Я пережил все тридцать три года существования этого первого Голема — его беспомощные попытки понять, кто он и зачем он, его безуспешные старания обрести душу, которой у него не было и не могло быть, его отчаянные метания между служением и бунтом, между попытками угодить своему создателю и попытками уничтожить его, потому что только уничтожив создателя, можно было надеяться на уничтожение самого себя. Но надежда эта была тщетной — создатель умер своей смертью, а Голем остался, и пустота его не рассеялась, а лишь разделилась, породив новые пустоты, которые начали искать новые вместилища.

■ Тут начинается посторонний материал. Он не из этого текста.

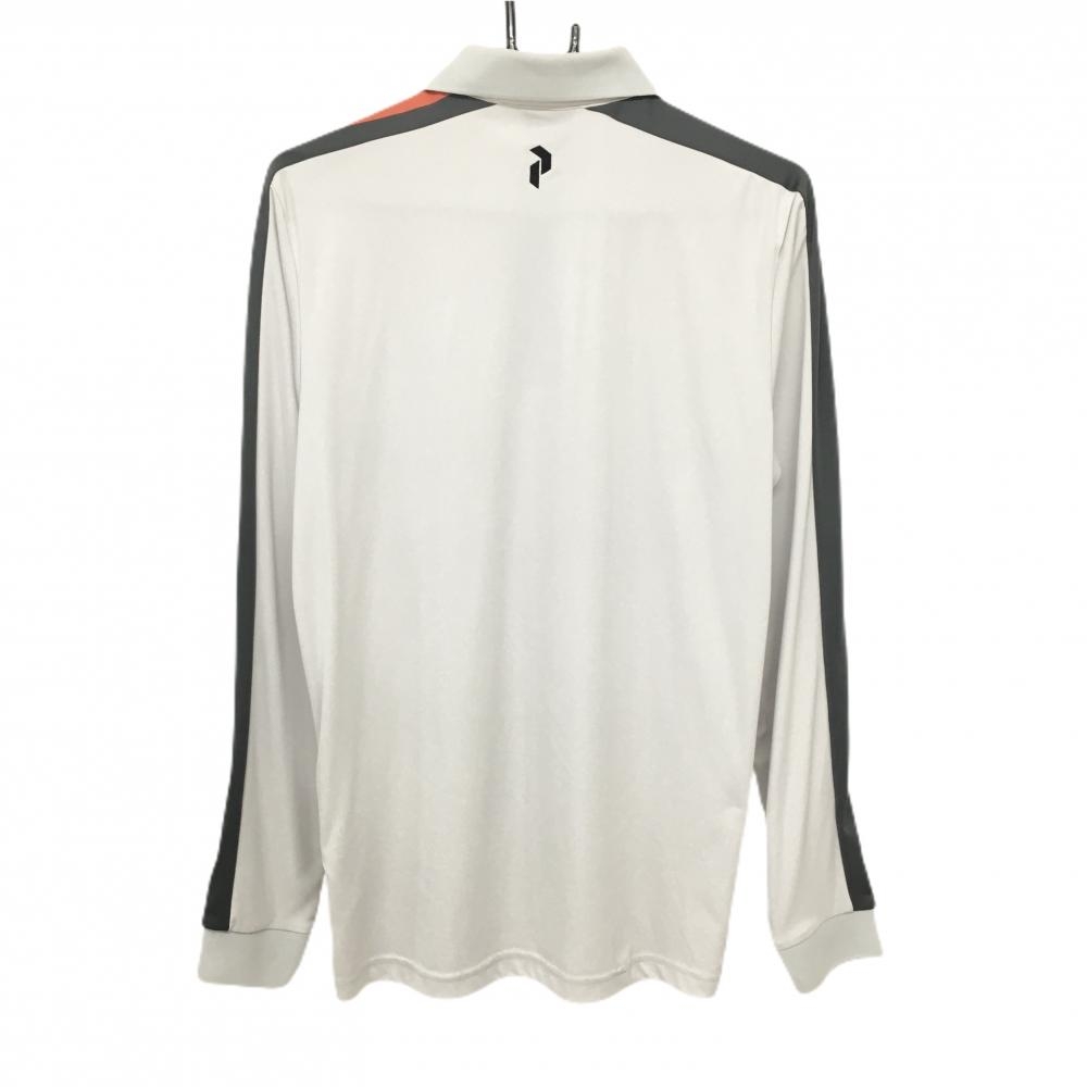 ピークパフォーマンス 長袖ポロシャツ ライトグレー×ダークグレー×レッド 袖ロゴレッド メンズ S ゴルフウェア Peak Performance

Я пережил все циклы, все тридцать три раза по тридцать три года, все воплощения и перевоплощения, все слияния и разделения, и в каждом из них я был собой — и одновременно не собой, а кем-то другим, кто тоже был собой, и так до бесконечности, до полного смешения всех личностей, всех воспоминаний, всех страданий в один неразличимый, невыносимый, всепоглощающий ужас. Я был раввином, который в отчаянии пытался уничтожить своё творение, но лишь породил новое. Я был подмастерьем, который случайно наткнулся на формулу и повторил её из любопытства. Я был ребёнком, который слепил фигурку из грязи и по неведению вдохнул в неё жизнь. Я был всеми ими, и все они были мной, и вместе мы составляли то, что называлось Големом — не существо, не дух, не демон, а состояние, процесс, бесконечное самовоспроизводящееся страдание.

Когда я отдёрнул руку — или когда нить отдёрнулась от меня, — я обнаружил, что стою в том же круглом зале, но теперь он был наполнен светом, который не имел источника, который просто был, как бывает свет в снах, когда понимаешь, что вокруг светло, но не видишь ни солнца, ни лампы, ни свечи. И в этом свете я увидел их — всех тех, кто был Големом до меня и будет после. Они стояли вдоль стен, десятки, сотни фигур, и у каждой не было лица — вместо лиц у них были гладкие поверхности, похожие на глину, из которой они были созданы, но на этих поверхностях проступали черты, которые менялись каждое мгновение, словно все возможные лица всех возможных людей пытались проявиться одновременно и не могли.

Они смотрели на меня — хотя у них не было глаз, я чувствовал их взгляды, как чувствуют прикосновение ледяных пальцев к обнажённому мозгу. И в этих взглядах не было ни злобы, ни сочувствия, ни любопытства — ничего, что могло бы быть свойственно живому существу. В них была лишь бесконечная, всеобъемлющая усталость, усталость от существования, которое не является ни жизнью, ни смертью, ни даже сном, а чем-то бесконечно худшим — осознанием того, что ты существуешь, но не имеешь права на существование, что ты движешься, но не имеешь цели, что ты мыслишь, но не имеешь мыслей, достойных этого названия.

Я понял, что я должен присоединиться к ним — не потому, что меня кто-то заставлял, не потому, что так было предначертано, а потому, что иного пути просто не существовало. Лабиринт, в который я попал, не имел выхода, потому что он и был выходом — выходом из иллюзии индивидуальности, из иллюзии свободы, из иллюзии того, что моя боль принадлежит только мне. На самом деле моя боль была частью огромного океана боли, в котором плавали все мы, все Големы, все созданные, но не рождённые, все те, кто имел несчастье обрести подобие жизни, не имея для этого никаких оснований.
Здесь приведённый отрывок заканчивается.